Expert flintknapper Dr. Bruce Bradley (co-author of "Across Atlantic Ice") compares these "Strletskayan points" found in Russia, southeast of Moscow to Clovis and Solutrean points here: http://www.primtech.net/info/strelets.html He says: "What amazes me most about the Streletskayan points is the advanced bifacial thinning technology that is twice as old as the Solutreen and three times older than our cherished Clovis points!"
 
Expert flintknapper Dr. Bruce Bradley (co-author of "Across Atlantic Ice") compares these "Strletskayan points" found in Russia, southeast of Moscow to Clovis and Solutrean points here: http://www.primtech.net/info/strelets.html He says: "What amazes me most about the Streletskayan points is the advanced bifacial thinning technology that is twice as old as the Solutreen and three times older than our cherished Clovis points!"

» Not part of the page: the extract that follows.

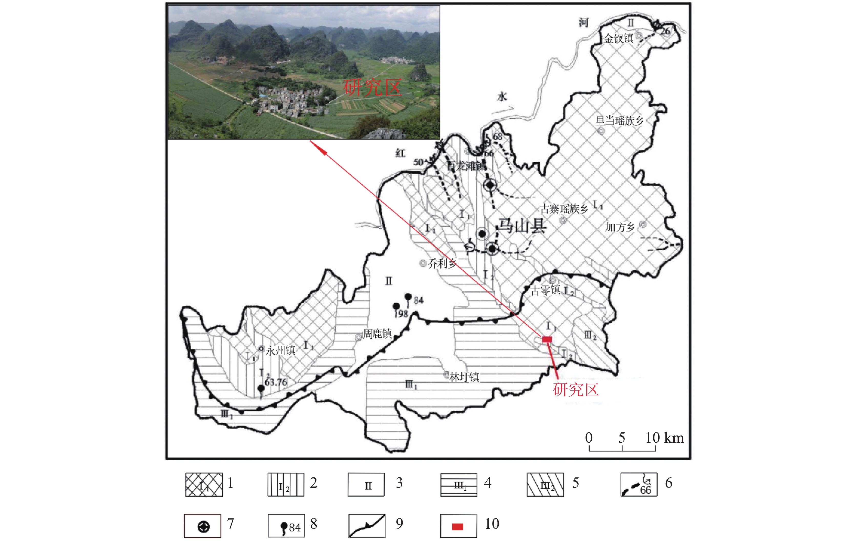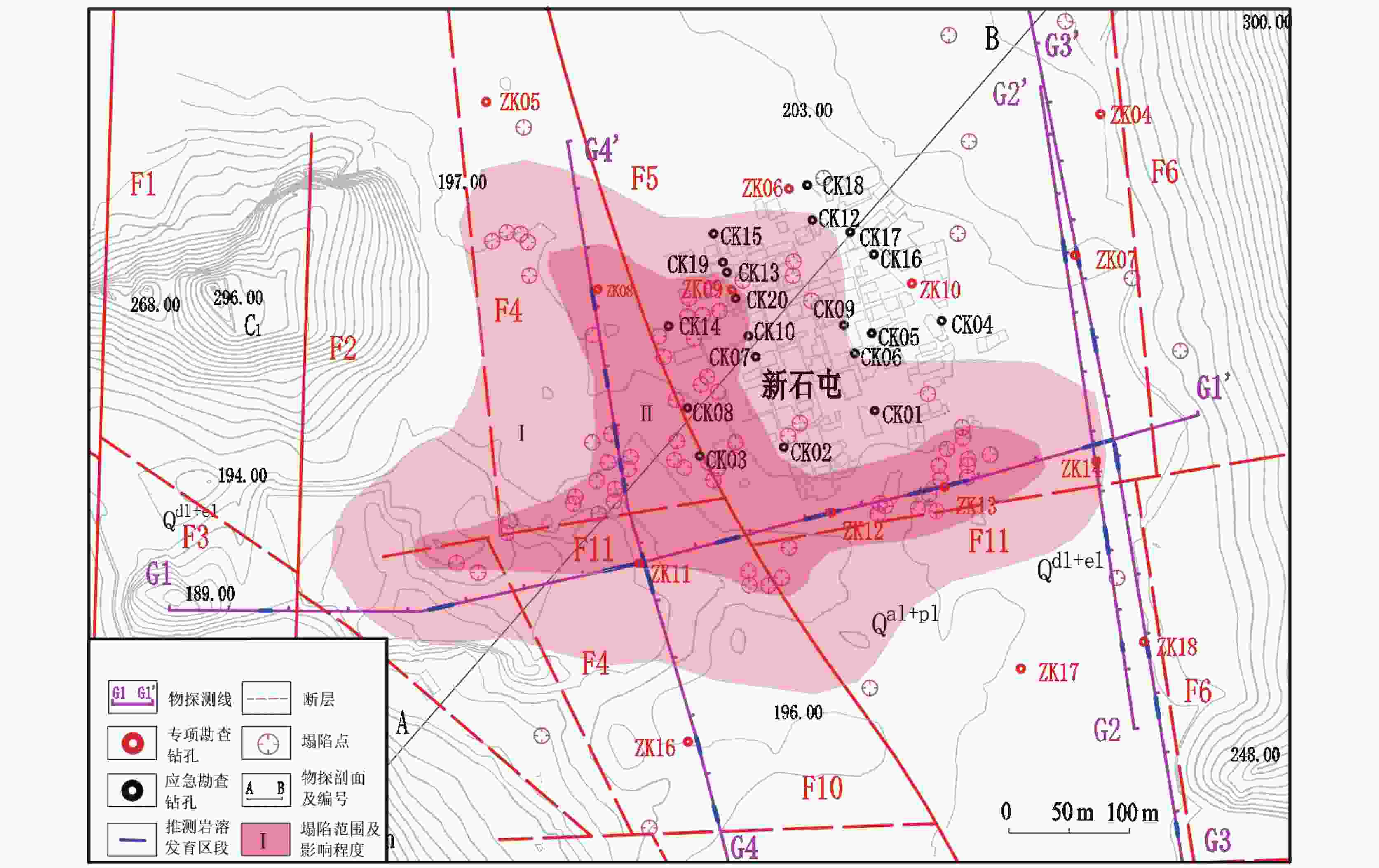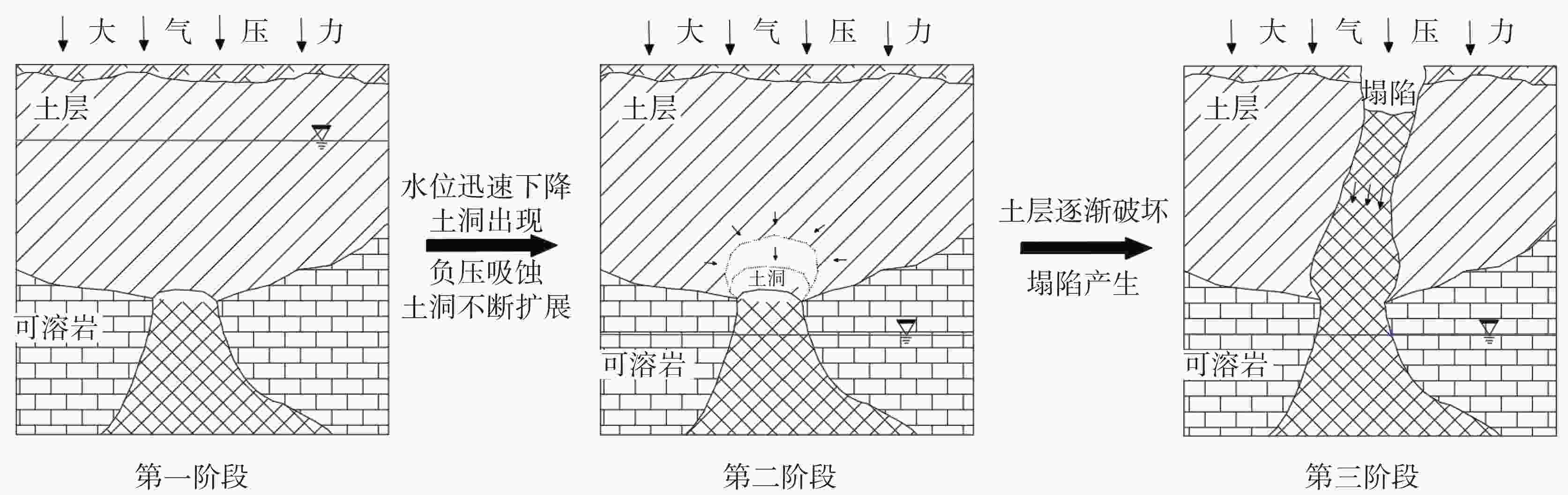 摘要: 广西溶蚀平原区岩溶塌陷灾害频发、危害巨大,开展塌陷分布规律与形成机制研究是进行灾害预警与防控的基本前提。本文以广西马山县古零镇石丰村新石屯岩溶塌陷区为研究对象,通过对研究区地形地貌、地质构造、地层岩性以及气象条件等自然条件进行综合分析,同时结合物探和钻探等方法的验证,探讨了溶蚀平原区岩溶塌陷的分布规律、影响因素及成因机制,并深入研究了溶蚀平原区岩溶塌陷的成因机制。研究结果显示,岩溶地面塌陷主要集中于断层构造带岩溶强烈发育区域、覆盖层厚度中等地区以及地下水位剧烈波动区域。研究区岩溶塌陷的成因机制主要有真空吸蚀和潜蚀两种,其中约88%的岩溶塌陷是由真空吸蚀作用引起的,12%的岩溶塌陷由潜蚀作用引起的。研究结果为同类溶蚀平原地区岩溶地面塌陷预防和研究提供参考依据。Abstract:

And there's your common source, IMO. I think it isn't that Native Americans are partly of European descent or that Europeans are partly of Native American descent. Europeans and Native Americans are partly of Siberian descent and I think that if there is any connection between Solutrean and Clovis technologies, other than people finding similar solutions to similar problems, it's a case of a Siberian technology ending up in both Europe and the Americas.

Having said that, if there is good archeological evidence of east to west settlement in the Americas, that should be looked at in more detail. But my own assumption is that any east to west movement found on the eastern half of the Americas is simply evidence of the probability that people travelled all around the edge of the Americas by sea before they penetrated very far inland. Coastal delta regions with lots of fish and migratory birds would probably provide and easier living for stone age people than hunting would, I think.
 
Having said that, if there is good archeological evidence of east to west settlement in the Americas, that should be looked at in more detail. But my own assumption is that any east to west movement found on the eastern half of the Americas is simply evidence of the probability that people travelled all around the edge of the Americas by sea before they penetrated very far inland. Coastal delta regions with lots of fish and migratory birds would probably provide and easier living for stone age people than hunting would, I think.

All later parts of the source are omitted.